Another minister, this time a blue blood, rejected offhand the whole notion as sensationalism and theatrics. According to him, nobody's starving in this great country, not even the homeless. Hard to believe that a minister for youths can be so out of touch with the youths. Maybe he's still busy consoling last year's SEA Games female gymnasts.

If these ministers don't already know, students go to universities and colleges to do one and only one simple job: study. That's why they're called students, and not surgeons. If they have to study AND work at the same time, we have a problem. Just imagine a surgeon who has to cook while doing a coronary bypass. Or a chef doing a coronary bypass while cooking. Either way, the food wouldn't turn out good. I can't find a better analogy, but you get my point.

The public are again divided on this.

Why I said again? Because people are already divided. We're already divided over the RM 2.6 billion donation. We're literally, figuratively, badly beaten, shaken, broken. It's like a big fat hole, with those who believe on one side and those who don't believe on the other side.

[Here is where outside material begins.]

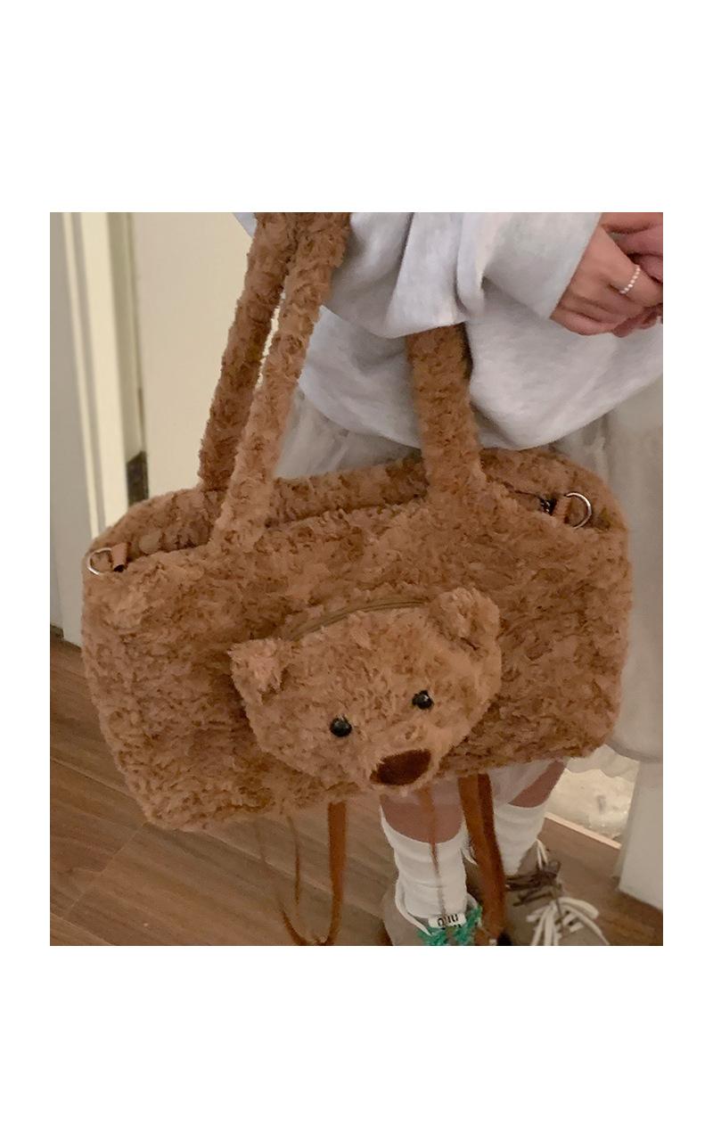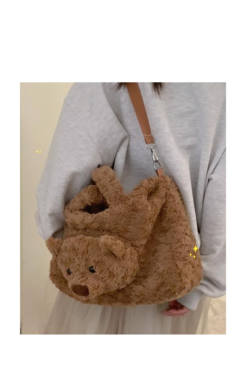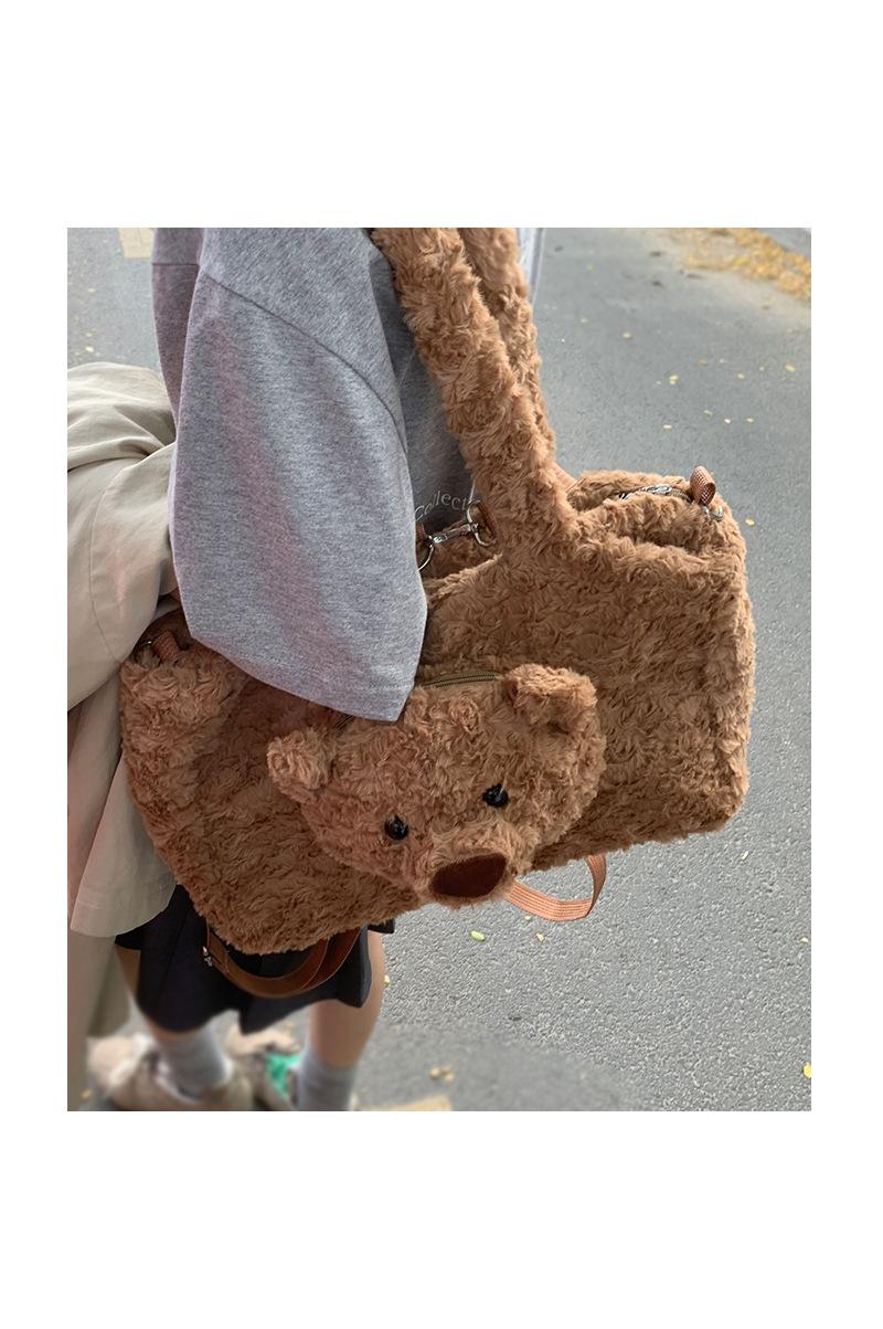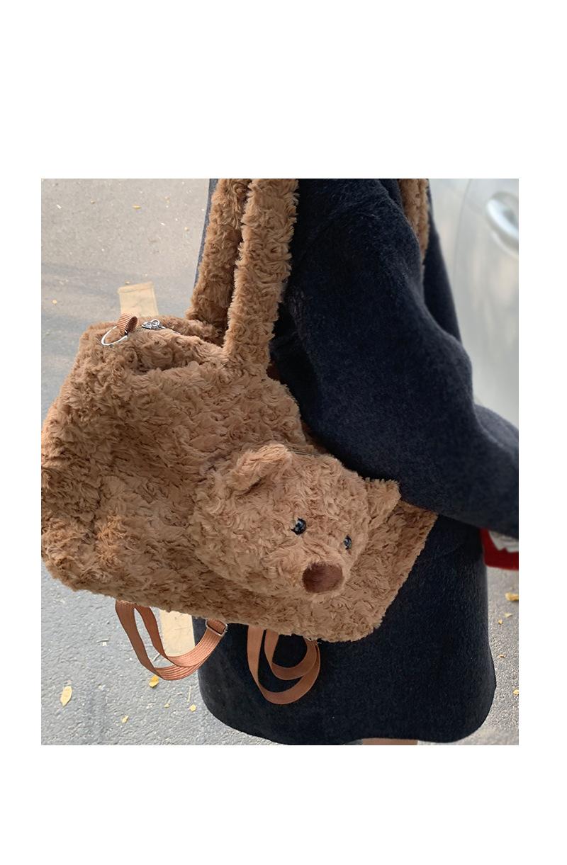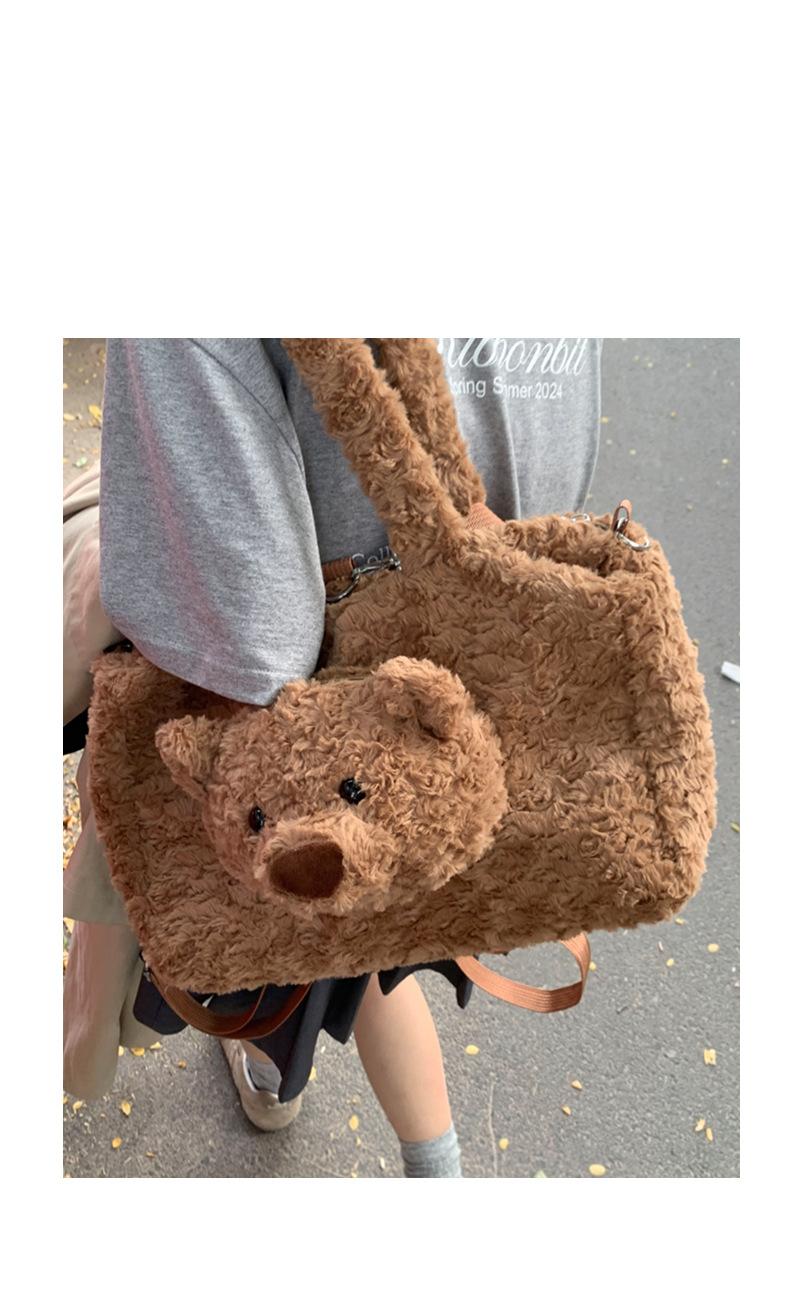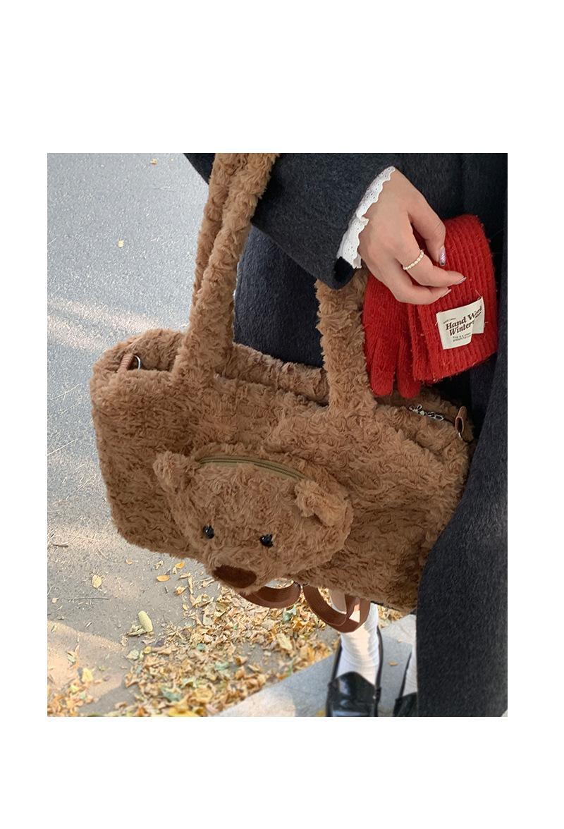 Bolsos de Peluche de Dibujos Animados Lindos al por Mayor para Mujeres, Bolsos de Muñeco de Oso de Estilo Nuevo de Otoño e Invierno, Mochilas de Gran Capacidad, Bolsos Peludos

Going by the social media dynamics and statistics, the ratio of believers to disbelievers is roughly 1 to 99.  Loudly lopsided, I know. But don't be discouraged by that 1%.  If you understand mathematics, 1% of 30 million population is actually 300,000, including some newborns and Nepalese. This is one hell lot of people, equivalent to the entire population of Kuala Terengganu. Imagine the whole boring people of Kuala Terengganu believe that an Arab has donated RM2.6 billion, while the rest of the country don't.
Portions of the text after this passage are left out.